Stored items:
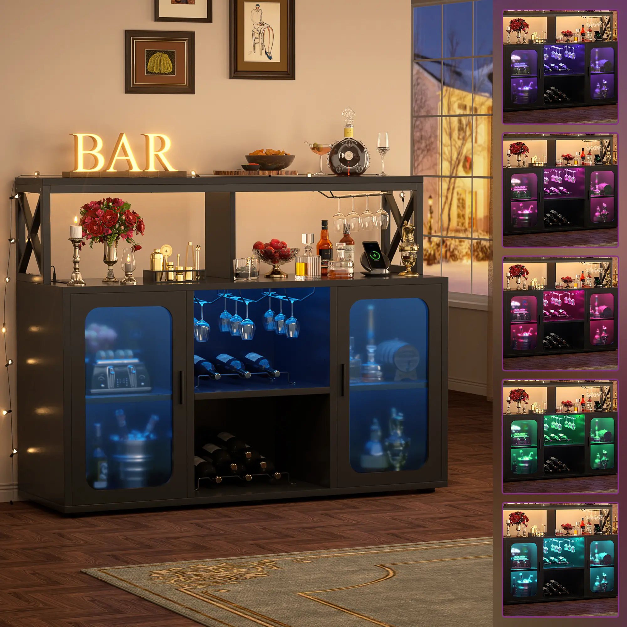 2. The wine cabinet Features a timed RGB light strip
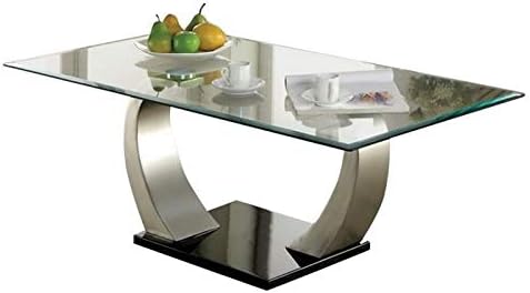 Amazon Com Furniture Of America Navarre Stainless Steel Coffee Table Satin Plated And Black Furniture Decor
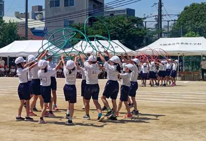 5月29日(日)、澄み渡る青空のもと、創立120周年記念運動会を開催しました。5月とは思えないほどの暑さの中でしたが、どの子も自分の力を精一杯出し切って、最後まで頑張ることができました。
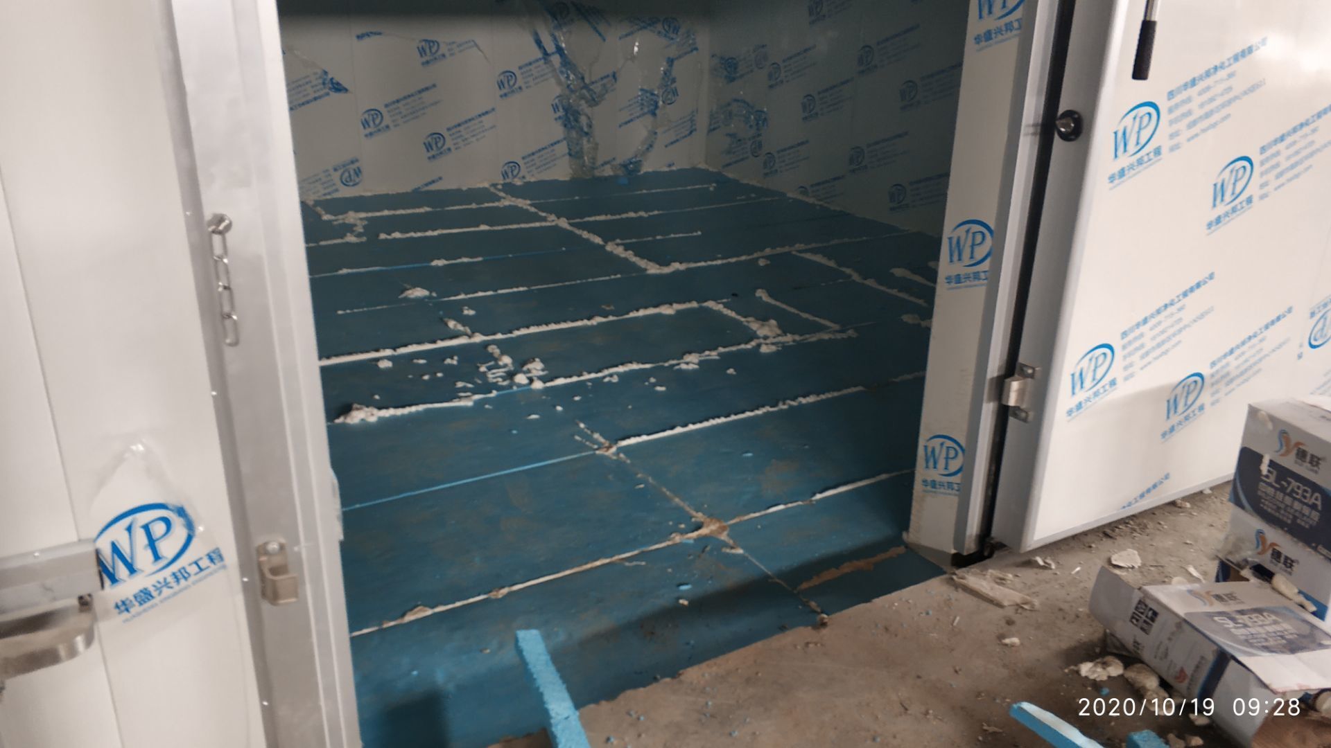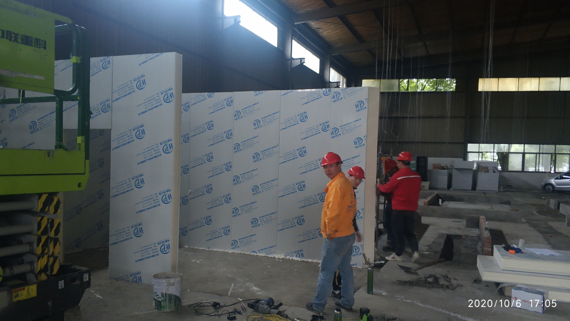 1.地面瓷磚鋪貼完成百分之八十。 2.凍庫墻板安裝施工完成百分之五。
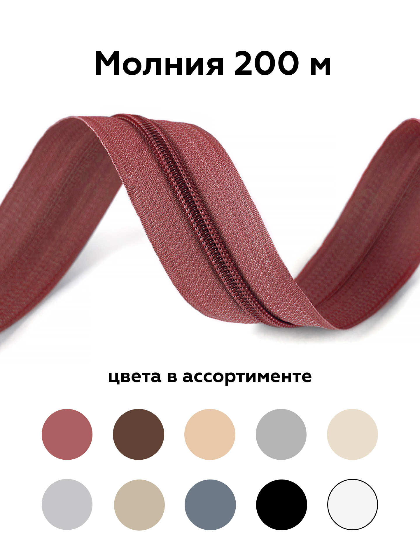 В наш постоянный ассортимент входят витые молнии Т-5 различных цветов с замками в цвет молнии или цвета никель, хром.
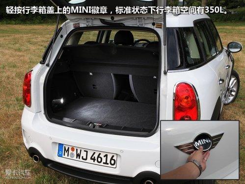 既然廠方說Countryman是最實用的MINI,那么行李箱空間肯定會成為用戶仔細考量的一處。輕按行李箱蓋上的MINI徽章,標(biāo)準(zhǔn)狀態(tài)下行李箱空間有350L,通過放倒座椅可擴容至1170L,在行李箱底部還有一個隱藏的儲物格。怎么樣,夠用了吧!

Work task:
Could you repeat all of the entries exactly, without any of the images?

Response box:
 2. The wine cabinet Features a timed RGB light strip
 Amazon Com Furniture Of America Navarre Stainless Steel Coffee Table Satin Plated And Black Furniture Decor
 5月29日(日)、澄み渡る青空のもと、創立120周年記念運動会を開催しました。5月とは思えないほどの暑さの中でしたが、どの子も自分の力を精一杯出し切って、最後まで頑張ることができました。
 1.地面瓷磚鋪貼完成百分之八十。 2.凍庫墻板安裝施工完成百分之五。
 В наш постоянный ассортимент входят витые молнии Т-5 различных цветов с замками в цвет молнии или цвета никель, хром.
 既然廠方說Countryman是最實用的MINI,那么行李箱空間肯定會成為用戶仔細考量的一處。輕按行李箱蓋上的MINI徽章,標(biāo)準(zhǔn)狀態(tài)下行李箱空間有350L,通過放倒座椅可擴容至1170L,在行李箱底部還有一個隱藏的儲物格。怎么樣,夠用了吧!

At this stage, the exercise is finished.